_Instructions to follow:_
In full and word for word, copy the listing; no pictures belong in the copy.

_Available data:_
#####
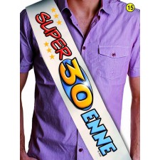 Ottimo accessorio utilizzabile in vista di una festa del trentesimo compleanno, l'articolo infatti, si presenta come fascia premio da indossare sotto spalla, presentata con la scritta "Super 30 enne", utile nel caso si decida di celebrare la festa in mezzo alla folla e utilizzare il gadget umoristico come riconoscimento del festeggiato tra tutti i presenti.
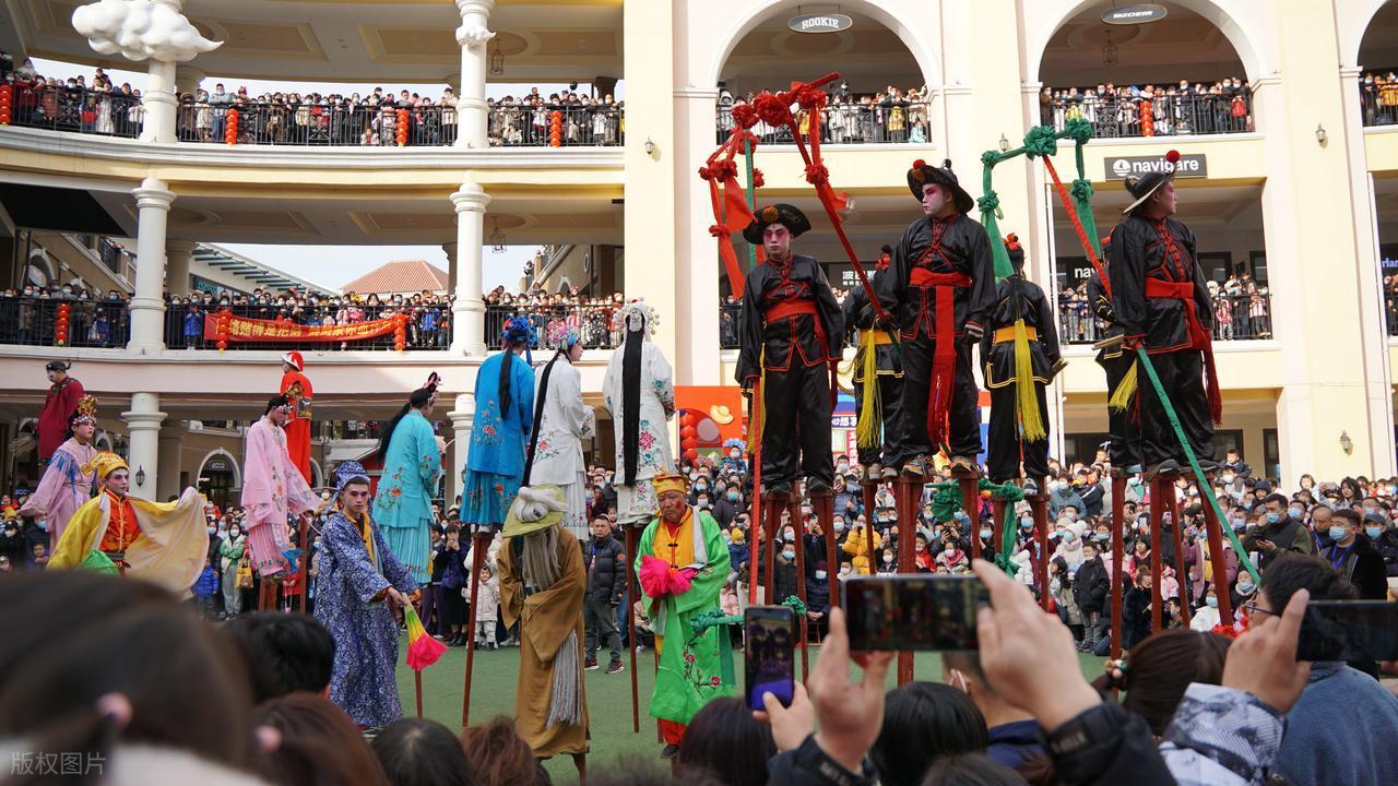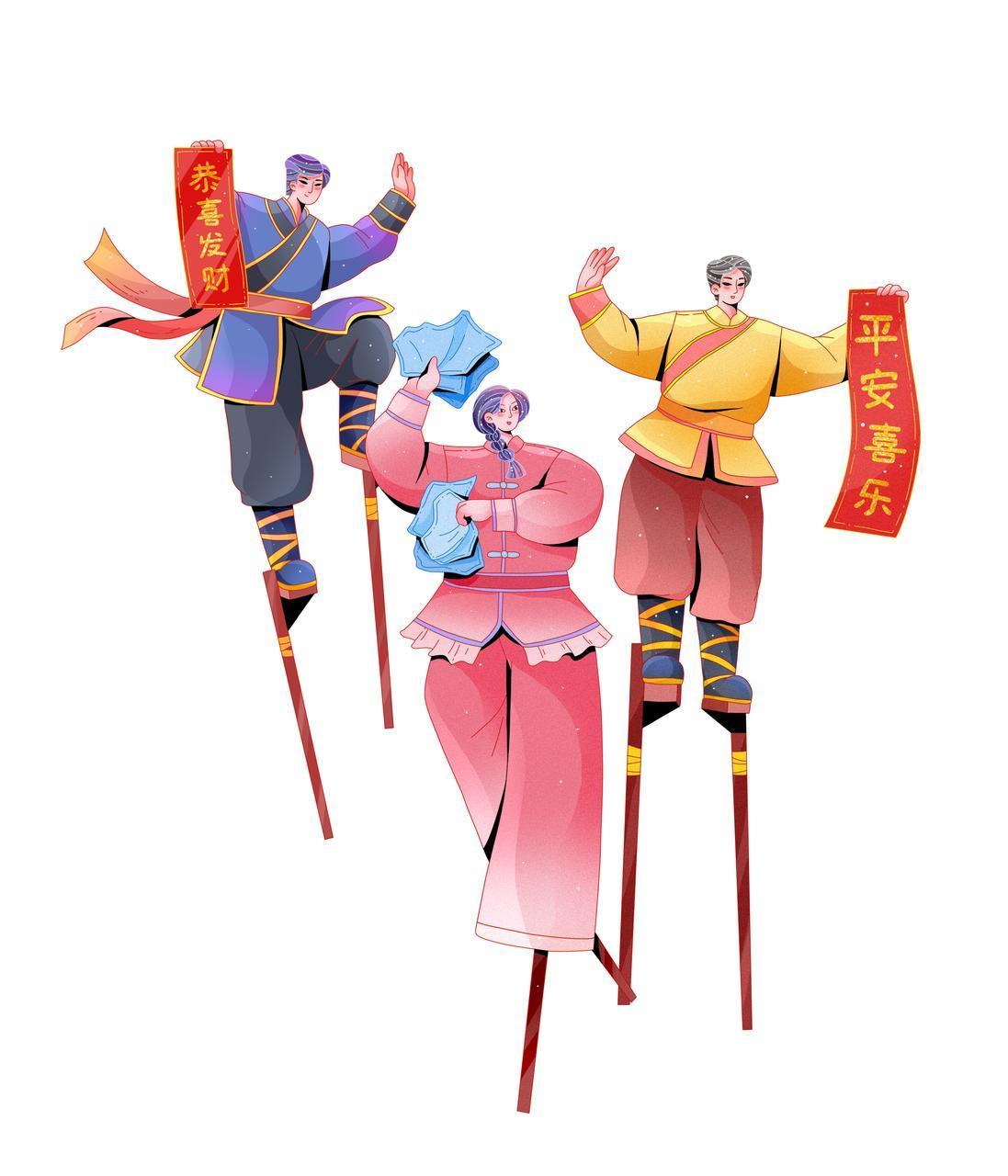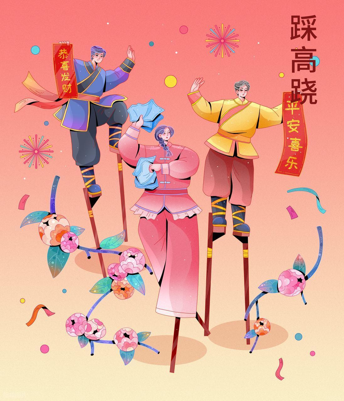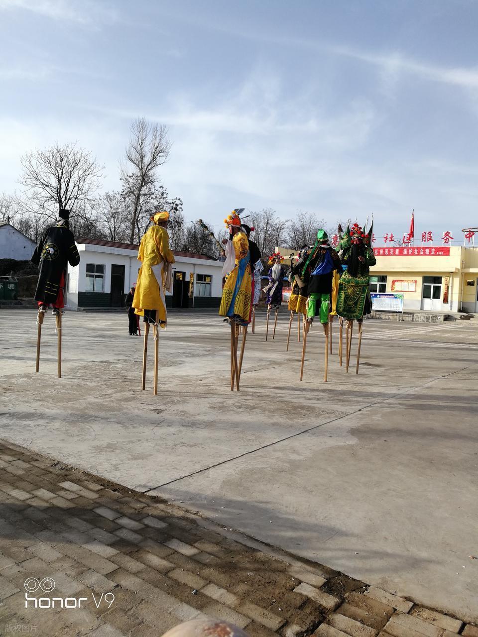 每到過年春節,故鄉青龍民間民俗傳統--踩高蹺非常熱鬧,鑼鼓嗩吶震耳欲聾。這聲音,初時是極遠的,混在料峭的東風裏,有些飄忽,像隔着一條河聽對岸的人語。但你只要側耳一聽,心便陡然提了起來——是它,就是它!那“篤、篤、篤”的聲響,一下一下,沉實而空靈,不是踏在結實的土地上,倒像是從半空中,一下下敲在人心最癢處的那面鼓上。於是,滿院子亂竄的孩子們先靜了下來,狗也不叫了,連檐下冰凌的滴水聲也彷彿屏住了。整個世界,都在等着那聲音由遠及近。
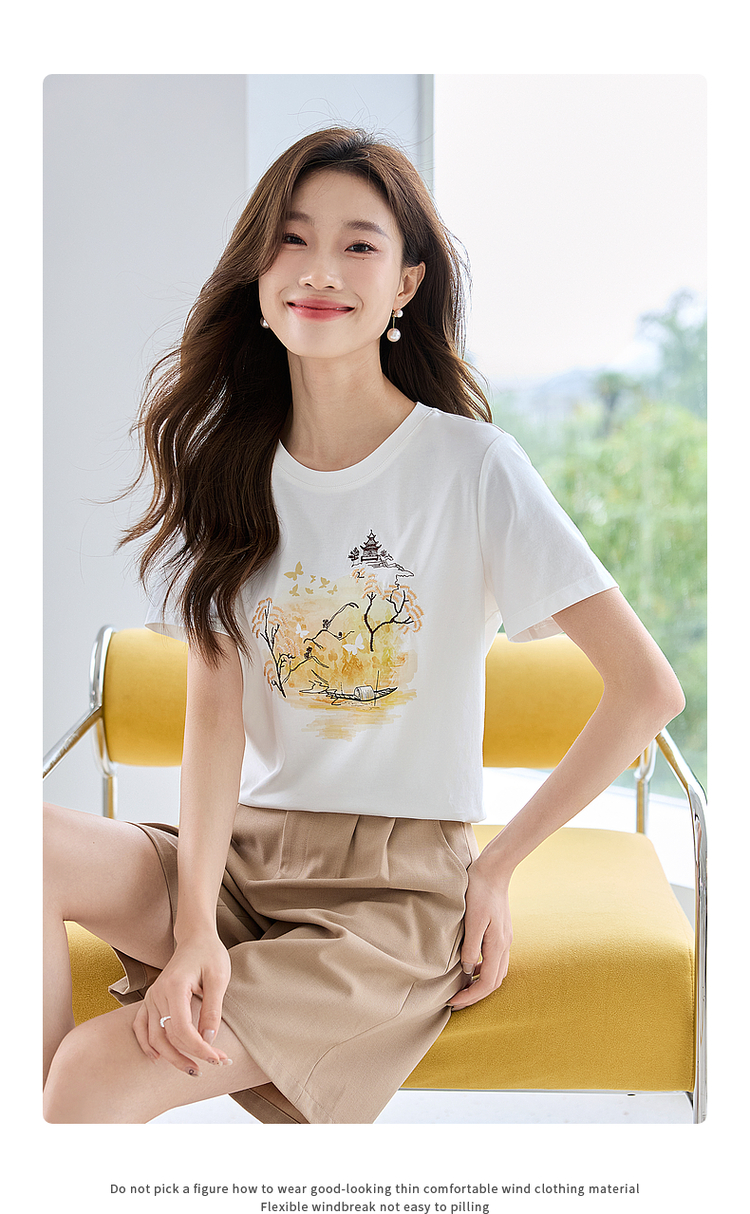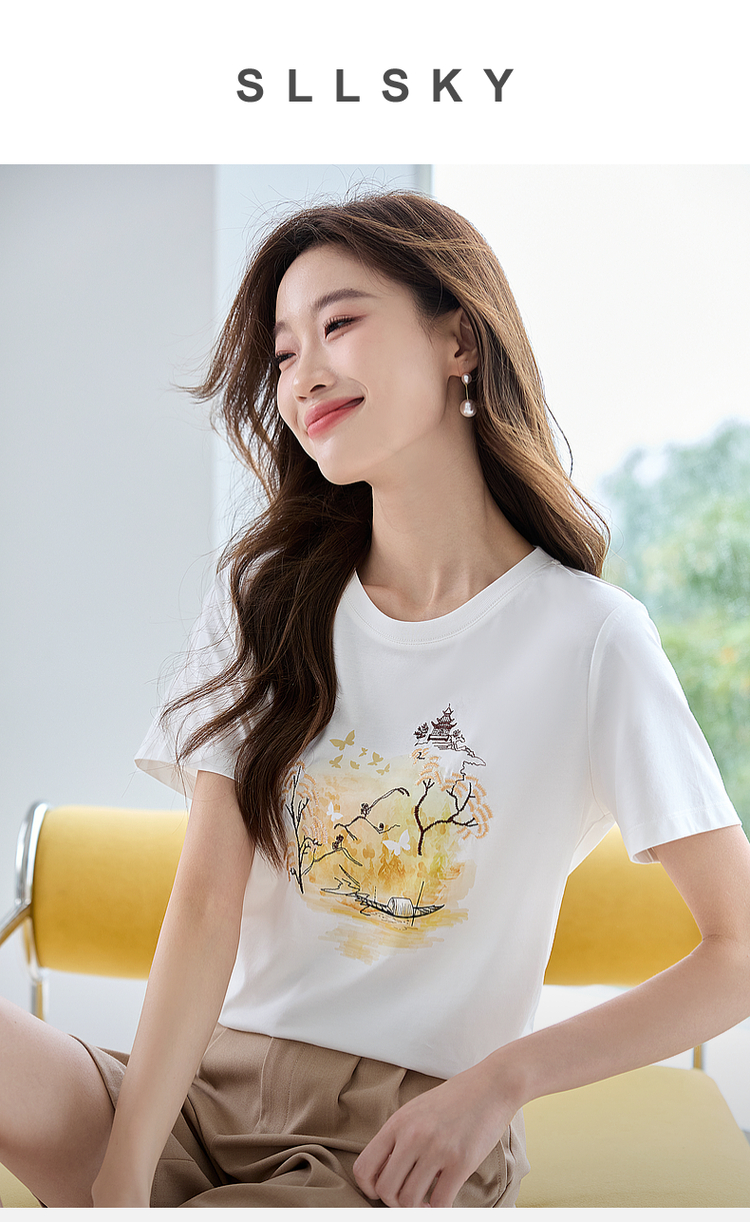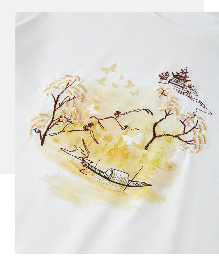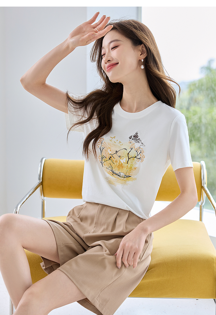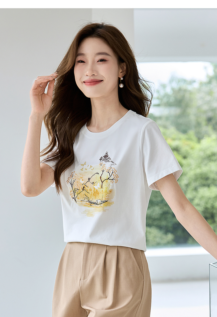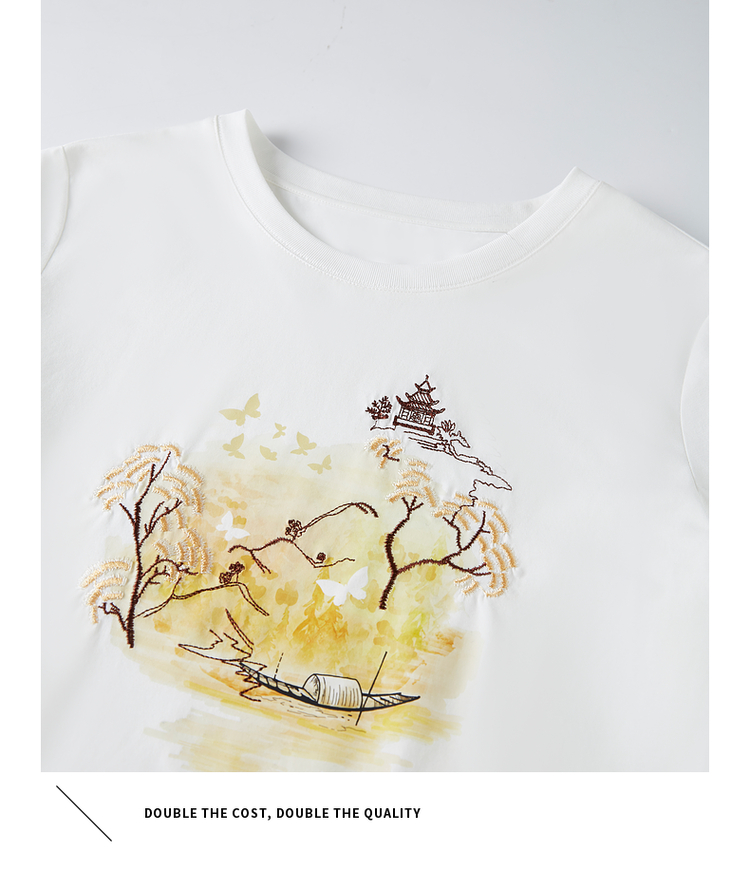 【专属特价】熙世界2025夏季新款轻国风水墨晕染刺绣白色T恤短袖设计感上衣
#####
_Exercise solution:_
 Ottimo accessorio utilizzabile in vista di una festa del trentesimo compleanno, l'articolo infatti, si presenta come fascia premio da indossare sotto spalla, presentata con la scritta "Super 30 enne", utile nel caso si decida di celebrare la festa in mezzo alla folla e utilizzare il gadget umoristico come riconoscimento del festeggiato tra tutti i presenti.
 每到過年春節,故鄉青龍民間民俗傳統--踩高蹺非常熱鬧,鑼鼓嗩吶震耳欲聾。這聲音,初時是極遠的,混在料峭的東風裏,有些飄忽,像隔着一條河聽對岸的人語。但你只要側耳一聽,心便陡然提了起來——是它,就是它!那“篤、篤、篤”的聲響,一下一下,沉實而空靈,不是踏在結實的土地上,倒像是從半空中,一下下敲在人心最癢處的那面鼓上。於是,滿院子亂竄的孩子們先靜了下來,狗也不叫了,連檐下冰凌的滴水聲也彷彿屏住了。整個世界,都在等着那聲音由遠及近。
 【专属特价】熙世界2025夏季新款轻国风水墨晕染刺绣白色T恤短袖设计感上衣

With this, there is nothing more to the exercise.